I stood shivering from blood loss, head still full of bees. Nightmares filled my vision. I saw Prium snatch Ona from behind, her tiara clattering to the floor. I heard her scream, heard Mom scream, watching from the Dirt. I saw Ona snatch a blaster, and the ballroom blaze with—
“Snap out of it.” I felt a slap, light and stinging, across my jaw. Lock jerked me toward him, jolting me off my feet. “I’m not leaving you, so come on.”
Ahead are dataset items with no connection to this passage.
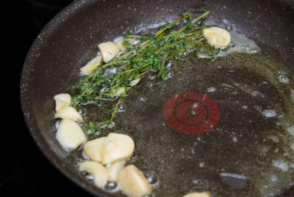 На смеси растительного и сливочного масел обжарить чеснок и тимьян, чтобы масло стало ароматным. Следите, чтобы тимьян и чеснок не подгорели, сразу же снимайте их со сковороды при первых признаках подгорания.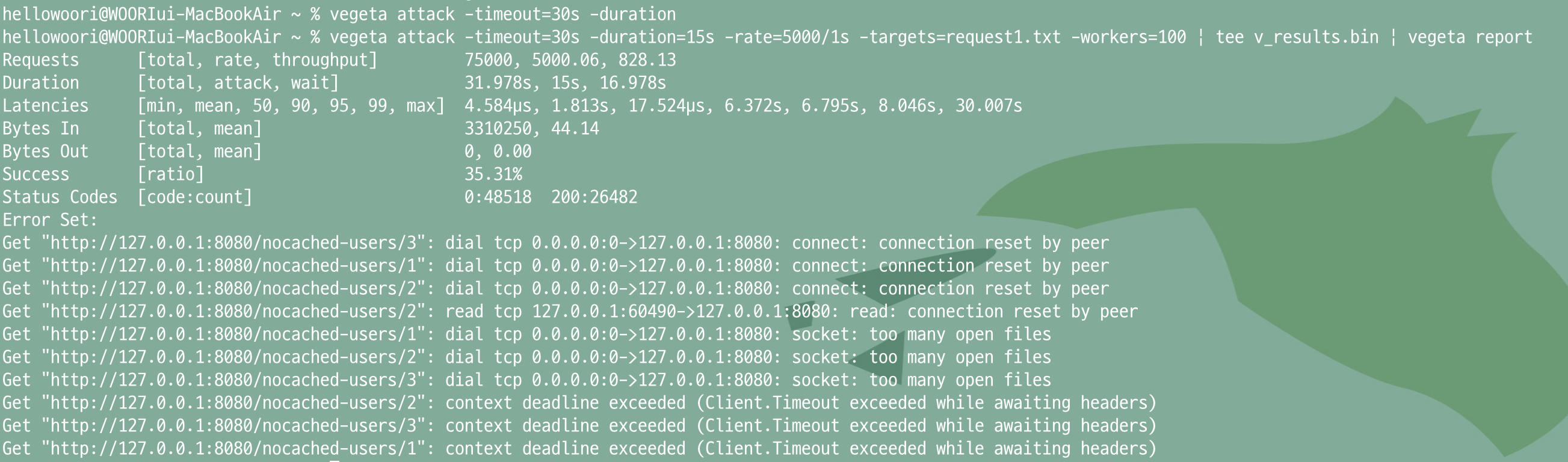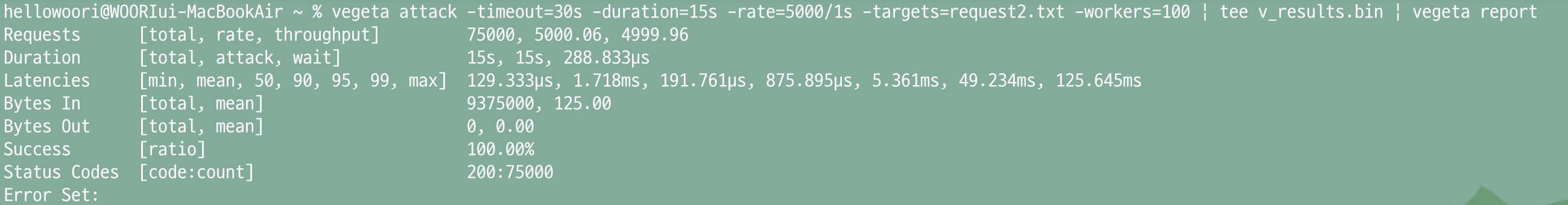 vegeta attack -timeout=30s -duration=15s -rate=5000/1s -targets=request2.txt -workers=100 | tee v_results.bin | vegeta report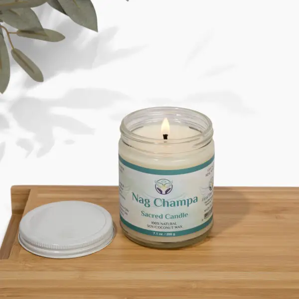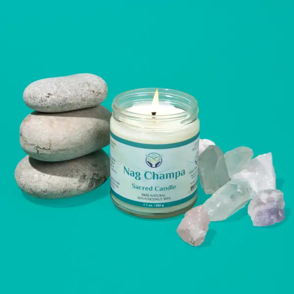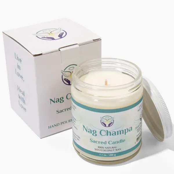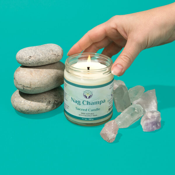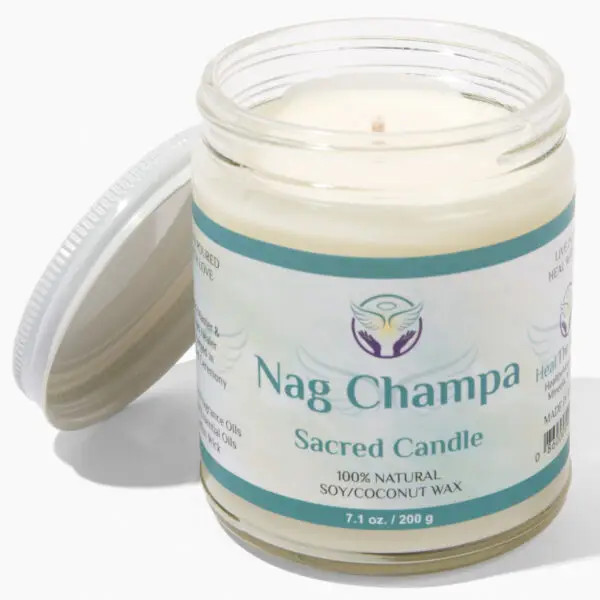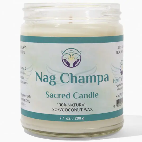 Nag Champa Sacred Smudge Candle – Hand poured candle made with an all natural soy/coconut blend wax, cotton wick, premium fragrance oils, essential oils and Organic Frankincense. The candle is made with love and charged by a Reiki Master and Angel Healer in a sacred ceremony.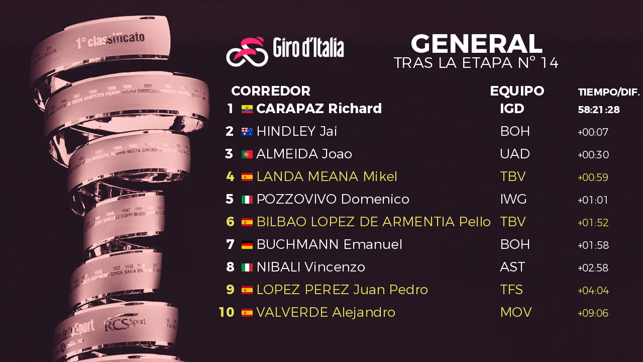 Hay cambio de líder en el Giro de Italia. El español Juanpe López ha resistido hasta este sábado, durante diez etapas. La maglia rosa pasa a ser ahora de Richard Carapaz que terminó tercero en la meta de Turín, donde se impuso el británico Simon Yates que sumó su vigésimo octavo triunfo de su carrera en un Giro que ya no puede ganar. Juanpe acabó décimo, a más de cuatro minutos pero hubo ciclistas importantes, que pelean por la general, que también perdieron tiempo. Más de 50 segundos Mikel Landa, cuarto en la general (a 59 segundos), y Pello Bilbao.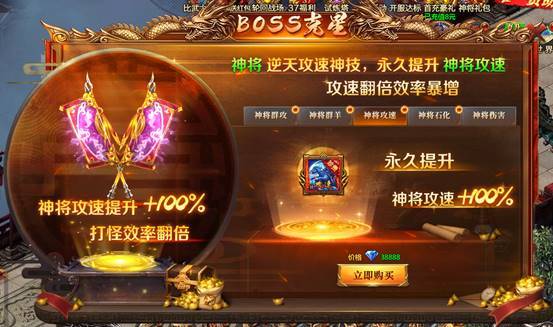 神将群攻、神将群羊、神将攻速、神将石化、神将伤害礼包,全方位提升打怪效率,助你成为BOSS克星。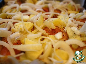 Майонез, мясо и яблоки пустят сок и ничего не пригорит. -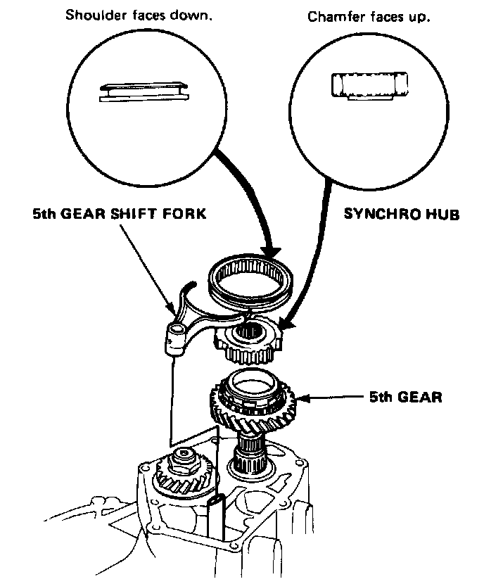 NOTE: Install the synchro hub with its raised inner shoulder facing down.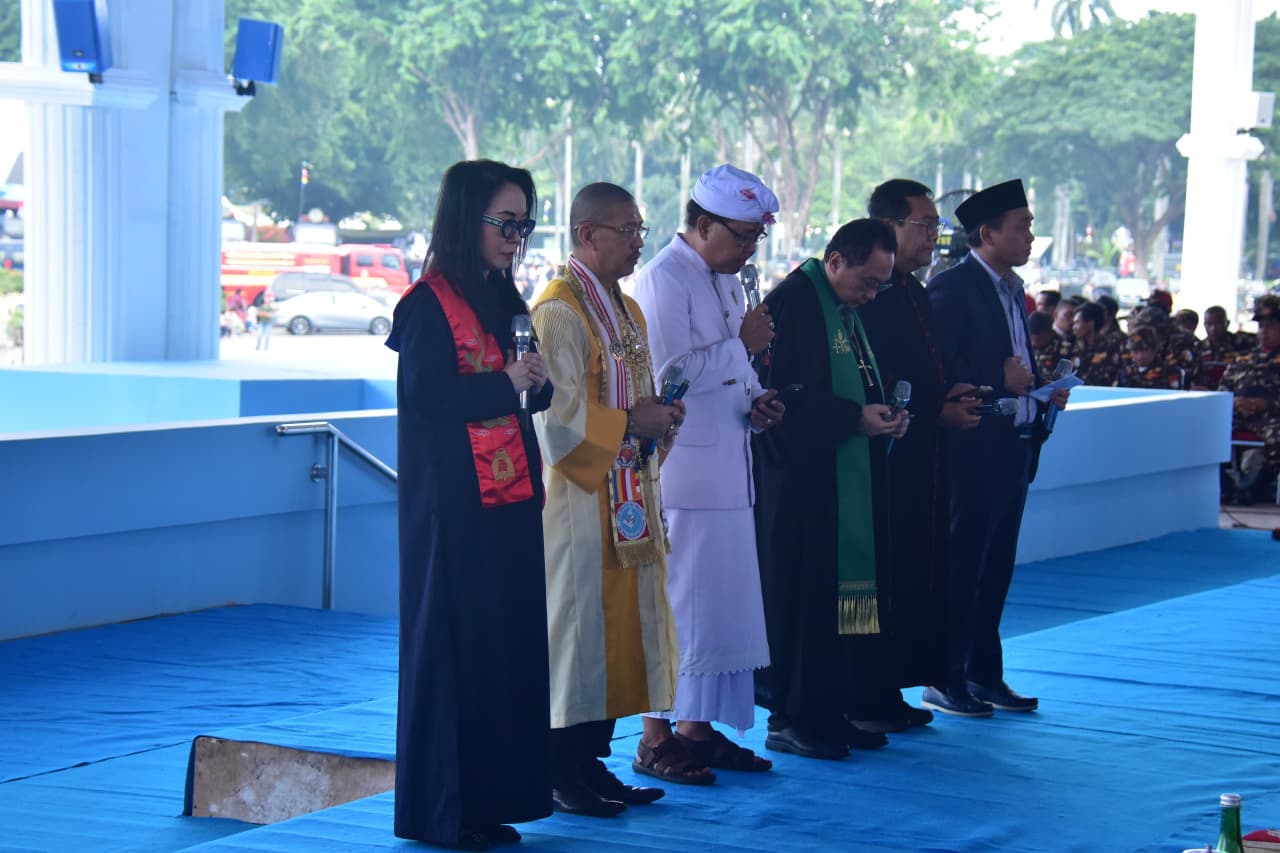 Doa bersama diawali dengan pembacaan ayat suci Al-Qur’an dan diisi dengan doa lintas agama yang dipimpin oleh perwakilan dari berbagai pemuka agama, mencerminkan semangat kebersamaan dan persatuan bangsa.

I came, riding his momentum as he dragged me to the hatch. I jumped up on my own and climbed past him, shimmying up the cables. I could feel my head clearing, the cobwebs blowing loose. That static was fading the higher I climbed, like a radio signal losing strength. I heaved myself past it, up and up, nearly losing my grip as Lock grabbed my leg.
“Let go.”
“No, look.” He kicked out at a grate set into the wall. It rattled, screwed in tight, and he kicked it again. This time, his foot punched through and stuck there, and when he wrenched it free, the whole grate came with it. Lock shook it loose, and it thundered down the shaft. His phone tumbled after, smashing against the wall. Lock swung through into darkness, and I followed, the sirens fading behind us as we squirmed through a narrow duct.
Lock’s voice drifted back to me, distorted with echoes.
“What?”
He twisted back, slammed his elbow, and grunted in pain. “D’you know where we are?”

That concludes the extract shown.